3. **Positional encodings use the correct offset** based on the current cache length (the new token is at position `cache_len`, not `0`).
4. The **`generate` function performs incremental decoding** with the cache (pre-fill the prompt, then feed one token at a time).
Finally, verify that **deterministic generation with and without the KV cache produces the same token sequence**.
```hint Cache append & shapes
The cache holds already-computed keys/values per layer — shapes like `k_cache, v_cache: [B, H, T_past, D_head]`. Each step, compute $q,k,v$ for only the **new** token(s) (`q: [B, H, T_new, D_head]`), append the new $k,v$ along the time axis to get `[B, H, T_past + T_new, D_head]`, then attend the new query against the **full** concatenated K/V. Keep one cache per attention layer.
```
```hint Masking & position offset
When you decode one token against a cache of only past keys, the query cannot see a future position — so a full causal mask is unnecessary for the single-new-token case. You still need the causal mask on the pre-fill pass (cache empty / multiple tokens at once), and a local mask if you ever feed more than one new token per step. For positions, use `positions = arange(T_new) + cache_len`; forgetting the offset reuses early position indices and silently diverges from the uncached path.
```
```hint Proving equivalence
Turn dropout off (`model.eval()`), decode greedily (argmax) with the same prompt and seed on both paths, and compare token IDs one-by-one. They must match exactly. If they diverge at step $k$, inspect the position indices and the mask at exactly that step first, then the order of cache appends.
```
#### Clarifying Questions for this Part
- Does the existing `forward` need to optionally accept and return per-layer cache state, or should I subclass/wrap the model to thread it through?
- Should `generate` pre-fill the prompt in a single forward (then loop one token), or feed the prompt token-by-token to build the cache?
#### What This Part Should Cover
- A correct, layer-wise cache: new K/V appended in time order, query attends against the full prefix, cache returned/persisted across steps.
- Right masking discipline: no full causal mask for single-token-with-cache, but a causal mask retained for multi-token pre-fill.
- Correct position offset (`+ cache_len`) and a clear explanation of why omitting it breaks equivalence.
- An explicit equivalence test (eval mode + greedy + fixed seed) and an articulated complexity argument: per-step attention recompute drops from $O(T^2)$ over the run to $O(T)$ work per new token.
### What a Strong Answer Covers
These dimensions span both parts:
- Treats the KV cache as an **inference-only optimization that must not change outputs** — never letting it alter training or numerical results.
- Uses **reproducible validation** throughout: overfit-a-batch for Part 1, exact token-sequence equality for Part 2, with dropout off and decoding held deterministic.
- Communicates the *why* behind each fix and each cache decision, not just the code edit.
### Follow-up Questions
- What is the time and memory complexity of generating $T$ tokens with vs. without the KV cache?

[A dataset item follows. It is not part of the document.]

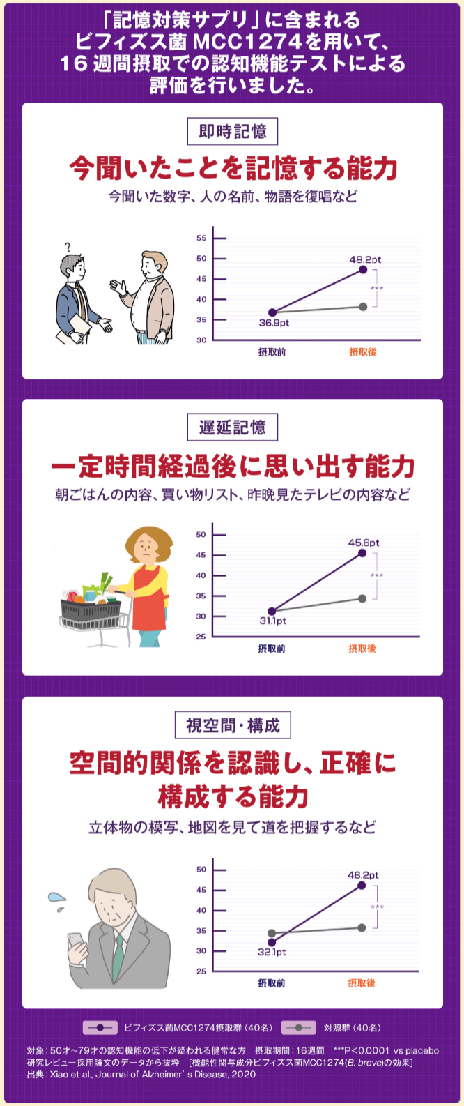 実際に50才~79才の認知機能の低下が疑われる健康な方40名を対象にした認知機能テストで16週間ビフィズス菌MCC1274を摂取したところ、

Estimate cache memory for $L$ layers, $H$ heads, head dim $D$, sequence length $T$, batch size $B$, and discuss when memory (not compute) becomes the bottleneck for long contexts.
- How would you extend the cache to **batched decoding** with prompts of different lengths (left-padding, ragged caches, per-sequence position offsets), and what breaks if the per-sequence offsets are wrong?
- Sketch how this changes for **rotary position embeddings (RoPE)** — where does the offset get applied, and does the cache store pre- or post-rotation keys?
- How do **multi-query attention (MQA)** or **grouped-query attention (GQA)** reduce the KV-cache footprint, and what is the quality trade-off?
- If equivalence fails by *one* token deep into a long generation, how would you localize the cause — what would you log, and at which layer/step?
Quick Answer: This question evaluates debugging and implementation skills for transformer-based autoregressive language models, focusing on attention mechanics, positional embeddings, causal masking, and integrating a key-value (KV) cache for incremental decoding.